If I have learned anything from the American education system, it’s that history is written by the victors. The white victors.

Learning this required me to unlearn what I had been taught about American history — especially the Black history of this country. Don’t get me wrong, I wasn’t completely naive. I knew many of the lessons I sat through didn’t capture the full experience of Black Americans.

However, I wasn’t that cynical either. Even if the curriculum and my teachers omitted certain information, I still assumed they would do the bare minimum — not blatantly lie.

I was wrong.

Up until my freshman year of high school in June 2020, it was my understanding that the Emancipation Proclamation released all enslaved people within a matter of months. I discovered through TikTok, and some of my own follow up research that it took years for some enslaved people to be liberated.

One of the longest delays happened in Texas, where enslaved people had to wait two additional years for freedom. Their long-overdue liberation is celebrated and marked by Juneteenth.

However, what does it say about American schools that I learned all of that in June 2020, and through TikTok of all places? Previous teachers of mine have mentioned and even celebrated Christopher Columbus Day; but they never mentioned Juneteenth.

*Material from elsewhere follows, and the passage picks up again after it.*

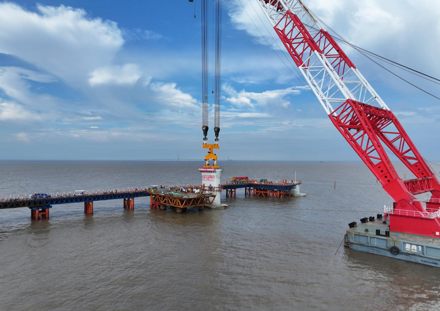 2025年6月29日,在由沪杭客专公司建设管理中铁大桥院和中国铁设联合设计中铁大桥局,承建的杭州湾跨海铁路桥中航道桥建设现场高7米、重达500吨的首节预制墩身节段,在“盈尚1”起重船的吊装下被精准架设到108号墩上。这是世界首次在强潮海湾复杂水文条件下完成大直径超长群桩基础装配式桥墩施工,不仅标志着我国高铁跨海桥梁建造技术的重大突破,也为今后同类工程积累了宝贵经验。

I wish I could say that was where the lies ended, but that would be a lie in and of itself.

In the last school year, I discovered through my AP United States History course that the Emancipation Proclamation only guaranteed freedom to enslaved people in rebelling Confederate territory. This not only continued slavery in Union states, but it also exposed the Proclamation’s true purpose: a strategic tactic meant to prevent Confederates from enlisting enslaved people in their army.

It hurts that even when I learned about Juneteenth and felt secure about my knowledge of the Proclamation, this bombshell was dropped on me. 

I don’t think teachers understand what this does to students like me; Black and brown students who rarely see people like us talked about outside of the context of oppression. To not only rarely have empowering representation, but to also be lied to about our history —  our Black history —  felt like a betrayal.

By not teaching me Black history and/or rewriting parts of it to favor the white victors, my so-called educators are conditioning me. Omitting the reality of the Emancipation Proclamation and how it didn’t guarantee universal or immediate Black Liberation perpetuates the idea that racism and slavery ended in 1863.

Juneteenth is an inspirational representation of Black resistance and Black joy, two powerful tools that some wouldn’t want in the hands of people like me. From the cookouts to the mutual aid organizing, our Juneteenth festivities make their apprehension understandable because such unity is a testament to Black persistence. It’s a statement that we are still here, and we will keep celebrating to remind those who come after that we aren’t going anywhere. 

I was conditioned to believe that my resistance isn’t valid. But it is. I was conditioned to believe that my joy isn’t precious. But it is.

Black joy and Black resistance have always been and will always be important. It’s important on days when the lurking shadow of racism overwhelms me and slavery taunts me through the orange jumpsuits of the prison-industrial complex. It’s important when I choose where to spend money and come across a Black-owned business. It’s important when I walk into school and remember that people will see me as Black first and a student second.

Learning about Juneteenth was empowering — something I have rarely felt in class. However, it’s also introduced a question that still eats away at me: when will I get to be a student and not my own teacher?